***** The input

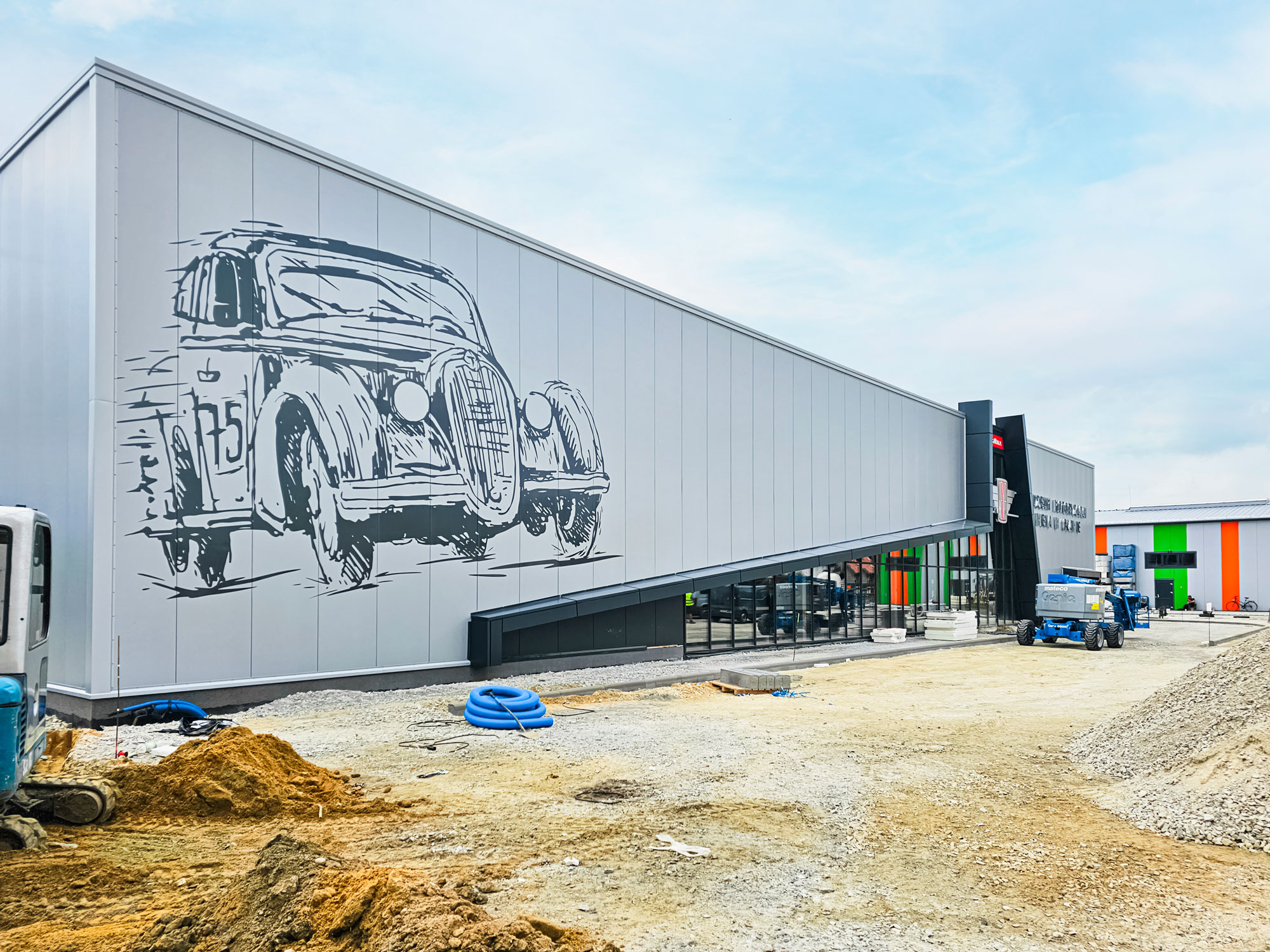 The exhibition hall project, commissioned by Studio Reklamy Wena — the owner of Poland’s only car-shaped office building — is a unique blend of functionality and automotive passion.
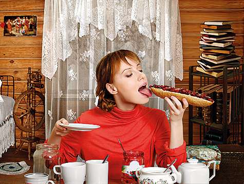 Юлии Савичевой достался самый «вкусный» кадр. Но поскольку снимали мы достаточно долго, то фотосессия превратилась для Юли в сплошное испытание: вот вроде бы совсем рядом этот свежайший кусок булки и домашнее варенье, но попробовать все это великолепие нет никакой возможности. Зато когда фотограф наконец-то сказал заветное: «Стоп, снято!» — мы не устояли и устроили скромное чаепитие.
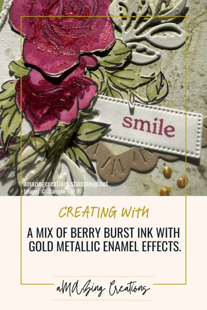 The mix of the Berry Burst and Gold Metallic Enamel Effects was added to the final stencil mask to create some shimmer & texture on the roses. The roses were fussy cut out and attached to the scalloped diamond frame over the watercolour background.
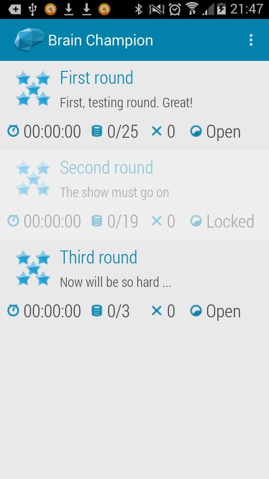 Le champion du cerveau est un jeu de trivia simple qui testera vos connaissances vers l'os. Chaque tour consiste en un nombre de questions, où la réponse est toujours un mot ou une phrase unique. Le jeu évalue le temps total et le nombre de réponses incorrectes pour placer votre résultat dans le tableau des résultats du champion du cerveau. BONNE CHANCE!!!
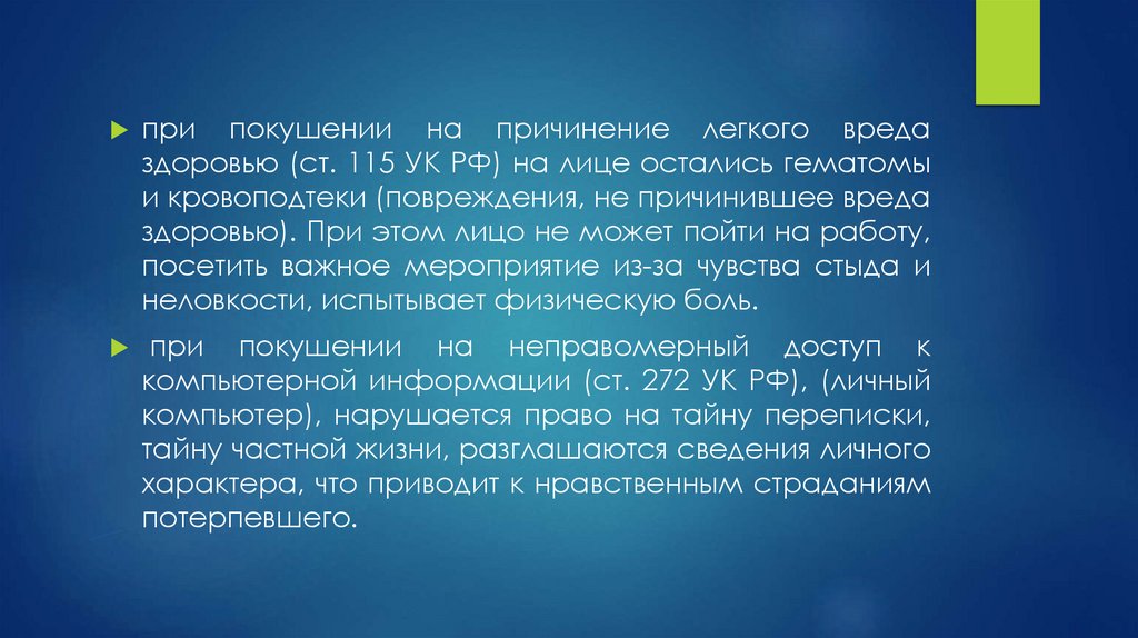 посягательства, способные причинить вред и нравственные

**********

_Problem details_. I would like the data above transcribed exactly, with its pictures left out.

_Solution to this problem_.
 The exhibition hall project, commissioned by Studio Reklamy Wena — the owner of Poland’s only car-shaped office building — is a unique blend of functionality and automotive passion.
 Юлии Савичевой достался самый «вкусный» кадр. Но поскольку снимали мы достаточно долго, то фотосессия превратилась для Юли в сплошное испытание: вот вроде бы совсем рядом этот свежайший кусок булки и домашнее варенье, но попробовать все это великолепие нет никакой возможности. Зато когда фотограф наконец-то сказал заветное: «Стоп, снято!» — мы не устояли и устроили скромное чаепитие.
 The mix of the Berry Burst and Gold Metallic Enamel Effects was added to the final stencil mask to create some shimmer & texture on the roses. The roses were fussy cut out and attached to the scalloped diamond frame over the watercolour background.
 Le champion du cerveau est un jeu de trivia simple qui testera vos connaissances vers l'os. Chaque tour consiste en un nombre de questions, où la réponse est toujours un mot ou une phrase unique. Le jeu évalue le temps total et le nombre de réponses incorrectes pour placer votre résultat dans le tableau des résultats du champion du cerveau. BONNE CHANCE!!!
 посягательства, способные причинить вред и нравственные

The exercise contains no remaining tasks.